Isolation of (-)-7. The mother liquor of the first crystallization was evaporated in vacuo until an aqueous solution was obtained. The solution was diluted with water (50 mL) and CHCl₃ (300 mL) and cooled at 0-5 °C. The pH of the mixture was adjusted to ~9 with aq NaOH solution (1 M, 3 mL). After the phases were separated, the organic phase was washed with water, dried, and evaporated. The residue was crystallized (hexane/ether, 1:1, 10 mL) to yield crude (-)-7 (306 mg) as a solid. This product (299 mg, 1.256 mmol) was resolved with (+)-dibenzoyl-D-tartaric acid as described above to yield 262 mg of salt (35%). The salt was treated with aq NaOH in CHCl₃ as desribed above and the crude product was crystallized to afford 118 mg (20%) of (-)-7. Mp: 165-168 °C.

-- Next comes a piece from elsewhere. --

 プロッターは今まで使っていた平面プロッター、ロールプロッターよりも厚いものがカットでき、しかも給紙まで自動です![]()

Preparation of (+)- E/Z-Formamide 9. To a solution of (+)-7 (453 mg, 1.9 mmol) in dry THF (10 mL) at room temperature were added p-toluenesulfonylmethyl isocyanide (374 mg, 1.9 mmol) then t-BuOK (426 mg, 3.8 mmol) in a mixture of THF (5 mL) and t-BuOH (2 mL) at 0 °C. After being stirred for 20 min, the mixture was cooled to -5 °C, diluted with water (50 mL), and extracted with CHCl₃ (3 x 50 mL). The combined organic phases were washed with brine and dried. The crude product was crystallized (hexane/ether, 1:1, 10 mL) to afford 637 mg (77%) of 9 as a cream-colored solid. Mp: 178-184 °C dec.

(+)-8-Cyano-9,10-didehydro-6-methylergoline (2c:2d). To a solution of 9 (783 mg, 1.8 mmol) in MeOH (30 mL) at 70-75 °C (bath temperature) was added NaOMe (375 mg, 6.9 mmol). The resulting mixture was refluxed for 30 min. Upon cooling to 0-5 °C, water (100 mL) was added and the precipitate filtered off and washed with water to afford 320 mg (70%) of a mixture of 2c and 2d, which was subjected to further transformations.

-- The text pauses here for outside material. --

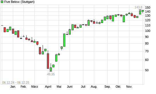Mit dem Anstieg auf 148,90 EUR hat die Five Below,-Aktie (ISIN US33829M1018) am 05.12.2025 ein neues 12-Monats-Hoch erreicht und damit den Kurs vom 04.12.2025 eingestellt.

For structure determination of the crude product, an aliquot part was purified by column chromatography (eluent: CHCl₃/acetone, 10:1) to afford pure 8 beta-isomer³¹ 2c. Mp: 140-160 °C dec.

The chemical shifts of the 8alpha-isomer³² 2d were determined in the mixture.

Preparation of Esters (2e:2f). Isomer mixture 2c:2d (300 mg, 1.2 mmol) was dissolved in HCl/MeOH (6.7 M, 30 mL) and the solution was refluxed for 45 min. After being cooled with an ice bath, the mixture was poured into a mixture of CHCl₃ (100 mL) and crushed ice (150 g). The pH was adjusted to ~7-8 with aq saturated Na₂CO₃ solution (120 mL). After the phases were separated, the aqueous phase was washed with CHCl₃ (20 mL). The combined organic phase was washed with water, dried, and evaporated to yield 246 mg (72%) of a mixture of isomers (2e:2f) as a semisolid material, which was subjected to further transformations. Mp: 131-139 °C.

For structure determination of the crude product, an aliquot part was purified by crystallization from benzene to afford pure (+)-lysergic acid methyl ester³³ 2e as a cream-colored solid, in agreement with the reported data.^6,34 Mp: 164-166 °C.

The chemical shifts of the 8alpha-isomer³⁵ 2f were determined in the mixture.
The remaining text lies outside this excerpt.